A great event that underwhelmed the world


By Martin Roche,  Etoile Partner

Early in March a rather frail Queen Elizabeth ll signed The Commonwealth Charter at a ceremony at Buckingham Palace. For the first time, this organisation of 54 sovereign states has agreed to a written declaration of the values and “16 core beliefs” that bind the Commonwealth together. Cheers and celebrations all round you’d think. Well actually the reception for the Charter was, if the UK media is representative of global opinion, extremely muted.

What a shame, say I. Have we become so jaded in the world that we don’t jump for joy when politicians and countries act from the finest motives? Have we stopped cheering for human and civil rights, for democracy and civilised conduct in the affairs of humanity? Are we consumed by scepticism simply because some signatories to the Commonwealth Charter have pretty poor records on protecting their own citizens, or are we so jaundiced by the way of the world that we dismiss all efforts to make it better as simply wallpaper?

If all that is the case then we are not in good shape in the world.

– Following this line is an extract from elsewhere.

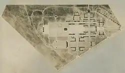 Lovett expressed interest in flat farmland along Main Street north of Brays Bayou. Negotiations by Captain James A. Baker eventually led to a complicated land exchange with local entrepreneur George Hermann (namesake of Hermann Park), who owned 370 acres (150 hectares) on both sides of Main Street.[3] Through the deal and subsequent land exchanges, the Rice Institute had acquired 278 acres (113 hectares) fronting the west side of Main by 1910.[3] The modern 290-acre (120-hectare) campus was not completed, however, until 1921, when a small parcel owned by DuPont was finally acquired.[3]

I for one want to celebrate the good men and women of the Commonwealth who worked so hard to get the Charter committed to paper. They have achieved much to be proud of.

First, every nation of the Commonwealth can now be held to account at the court of global opinion. When, and it will for some be when not if, they fall short, the world can point to The Charter and ask why they have failed to live up to their written, signed and agreed set of core beliefs.

The Commonwealth, with its new Charter, has given itself a moral force it perhaps lacked until now. It as a body has won for itself the moral authority to speak for good because all its members have signed up for good. It has with the Charter given itself the potential to be a far more vocal and persuasive force than hitherto.

Two years ago, we at Etoile commissioned a piece of independent research about the Commonwealth among some very important opinion formers and business and political decisions makers. The starkest finding was that very few of these highly educated, worldly aware and well-connected people found it easy to articulate what the Commonwealth was for and where its values lay. They can’t say that now.

Stand up and wave some flags. Ring out the sound of joyful trumpets. Let choirs sing songs of rejoicing, for in March 2013 the Commonwealth found its way in the world. Where it had seemed directionless, vague and to many a post-colonial club of doubtful legitimacy, it now knows what it is and what it is for. It’s the best news I’ve heard in the field of international affairs in many a long year. But it must be simply the beginning. Now the Commonwealth must use every opportunity and every technology to take these new messages of hope to the world.

A new dawn has arrived for the Commonwealth. It will take great effort, great reserves of political capital, some money, endless imagination and moral courage to turn The Charter from powerful rhetoric to the stuff that stays the hand of violence and injustice, stimulates democracy and wins the hearts and minds of men and women to win a better world.

The Charter had a muted response to its birth. Let’s us wish it a long and successful life.